The probably-best way to do this would have been to find all matches of either our mul(a, b) pattern, do() and don't(), and go through them in order while keeping track of the enabled/disabled status. The pattern would be something like pattern = r"(mul\((\d+)?,(\d+)?\)|do\(\)|don't\(\))".

I unfortunately made the mistake of trying to be clever. I wanted to reuse my find_multiplications method directly, so I thought I’d rather first remove all the “disabled” part of the code, and then I would immediately be able to get my answer. So I used a pattern pattern = r"don't\(\)((.)*?)do\(\)" to get “everything between a don't() and a do(), using the . as a RegEx wildcard to catch every character. I tried it on the example, and got the right answer, then tried it on the real data and… that didn’t work.

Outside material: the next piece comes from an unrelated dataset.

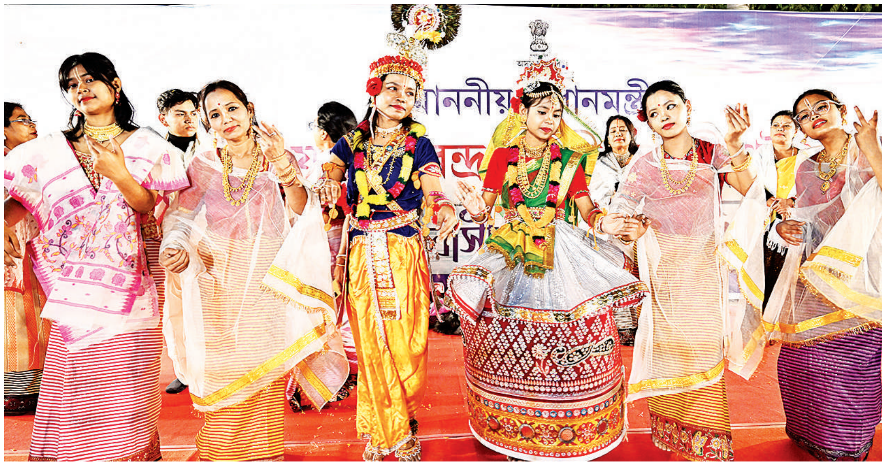
गुवाहाटी। प्रधानमंत्री नरेंद्र मोदी शनिवार और रविवार को दो दिन असम के दौरे पर रहे जहां उन्होंने कई कार्यक्रमों में भाग लिया। वे शनिवार शाम गुवाहाटी पहुंचे थे। इस मौके पर उनका शानदार स्वागत किया गया। पीएम ने स्वागत कार्यक्रम में नृत्य की प्रस्तुति देते कलाकार।

I overlooked two things: one, it’s possible that there is a final don't() in the code with no do() after to reactivate it. In this case, we have to remove from the don't() to the end, but this is not captured by my RegEx. That’s an easy fix: I just have to use a r"don't\(\)" pattern as a second pass, and remove the end of the code if I find a match. Two, I missed that the . wildcard captures every character except newlines. So I was actually missing a whole bunch of don't()...do() bits because they contained line breaks. There were none in the example, but there were many of these in the actual puzzle data. This is, fortunately, also an easy fix, as we can add |\n to the . in our pattern to truly capture all characters. This gives us the code filtering function to remove disabled parts:

def remove_with_pattern(pattern: str, text: str):
    """Remove everything inside a pattern"""
    
    while (match := re.search(pattern, text)) is not None:
        text = text[:match.start()] + text[match.end():]

    return text

def remove_disabled(code: str) -> str:
    pattern = r"don't\(\)((.|\n)*?)do\(\)"

    code = remove_with_pattern(pattern, code)

    # check if there is still a "don't()"
    pattern = r"don't\(\)"
    match = re.search(pattern, code)
    if match is not None:
        code = code[:match.start()]

    return code

text = remove_disabled(load_data("day3"))
multiplications = find_multiplications(text)
res = sum(m[0]*m[1] for m in multiplications)